「多摩田園都市」はなぜ多摩ニュータウンに圧勝したのか? 人口60万人規模に大成長、カギは「電車を作って → 人を集めた」だった
多摩田園都市の発展

田園都市線の長津田以遠は小刻みに延伸し、1984(昭和59)年に中央林間まで全通した。また都心側では、1977年に二子玉川園~渋谷間に地下鉄の新玉川線(現在は田園都市線に編入)が開通、多摩田園都市の利便性は飛躍的に向上した。田園都市線は更に、1978年に最初の区間が開業した営団(現・東京メトロ)半蔵門線と直通し、利便性を一層高めた。
多摩田園都市では、公団による団地も建設されたが、東急の不動産部門による住宅分譲が大規模に行われた。さらに東急系列のスーパーや百貨店が設けられ(1982年たまプラーザ東急百貨店オープン)、スポーツ施設やケーブルテレビも東急系でそろえられた。
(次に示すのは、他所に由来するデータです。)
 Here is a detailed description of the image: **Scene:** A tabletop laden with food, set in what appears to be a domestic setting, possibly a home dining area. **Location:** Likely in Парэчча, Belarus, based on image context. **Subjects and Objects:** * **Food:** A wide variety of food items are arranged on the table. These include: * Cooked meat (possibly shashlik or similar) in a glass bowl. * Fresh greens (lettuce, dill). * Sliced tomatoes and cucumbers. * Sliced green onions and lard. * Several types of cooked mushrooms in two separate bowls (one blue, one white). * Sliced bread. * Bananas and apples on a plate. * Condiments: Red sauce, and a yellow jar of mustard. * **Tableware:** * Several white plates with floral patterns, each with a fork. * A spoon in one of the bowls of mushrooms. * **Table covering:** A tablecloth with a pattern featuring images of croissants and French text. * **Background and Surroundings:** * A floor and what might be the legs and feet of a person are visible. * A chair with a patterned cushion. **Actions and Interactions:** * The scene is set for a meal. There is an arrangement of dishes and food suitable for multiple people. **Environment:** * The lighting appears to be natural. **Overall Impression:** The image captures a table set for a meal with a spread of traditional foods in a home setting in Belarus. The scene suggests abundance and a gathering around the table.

近年はインターネットや警備、介護つきマンション、電力供給なども手掛けており、生活に関するさまざまなサービスを丸抱えで営んでいる。
この開発によって、田園都市線開通当時は5万人に満たなかった沿線人口は、早くも1970年に10万人に達し、1976年には20万人を超えた。1980年には30万人、1987年に40万人へ達し、構想されていた人口を四半世紀で実現した。以後のバブル崩壊で多少人口の伸びは低下したものの、1997年には50万人を超えた。現在でも沿線人口の増加は続き、およそ60万人に達している。
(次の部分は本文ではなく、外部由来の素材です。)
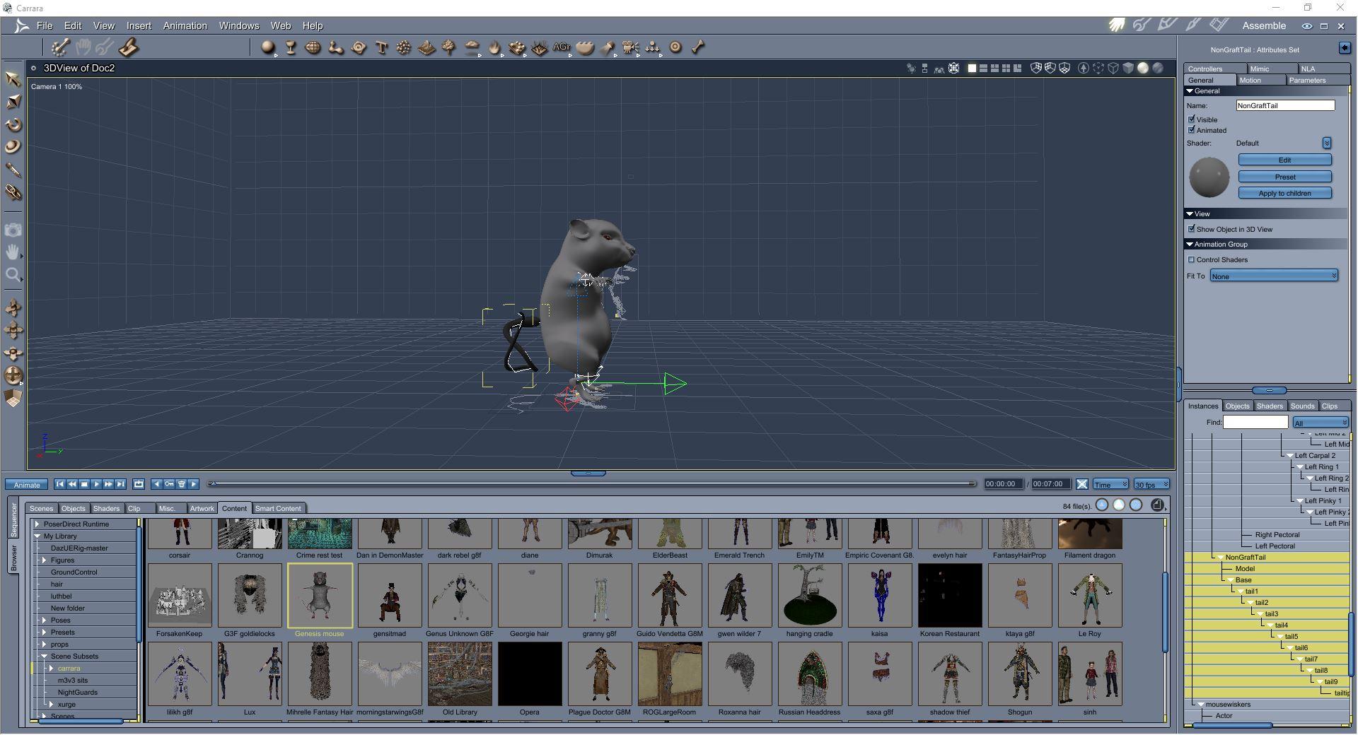 • Ok, that loaded properly.    Clothing morphs to it.  It no longer takes several hours to load.Let me see if I can get my character portrait done.   If I can't get Genesis to work, then I have to go back to the M4 Mouse.   Genesis Mouse is much nicer for fitting clothes to.   I've also morphed him from Mouse to Dressed Mouse, since this is a more fairy tail type mouse.   Thank you for getting me unblocked, Wendy.  It's really discouraging to burn the few hours I have to play with characters on trying to figure out why something fails to load properly rather than making the scene.

これだけ見れば多摩田園都市は、多摩ニュータウンと対照的な「成功」を収めたようにも見える。しかし多摩田園都市の人口が増加しすぎたため、基幹となる交通機関である田園都市線は混雑が常態化してしまった。
2009(平成21)年には、田園都市線と分離されていた大井町線が溝の口まで延伸し、二子玉川~溝の口間を複々線化して都心への新たなルートを設けている。近年はコロナ禍で混雑率低下がみられるが、人口増は2030年代まで続くともいわれている。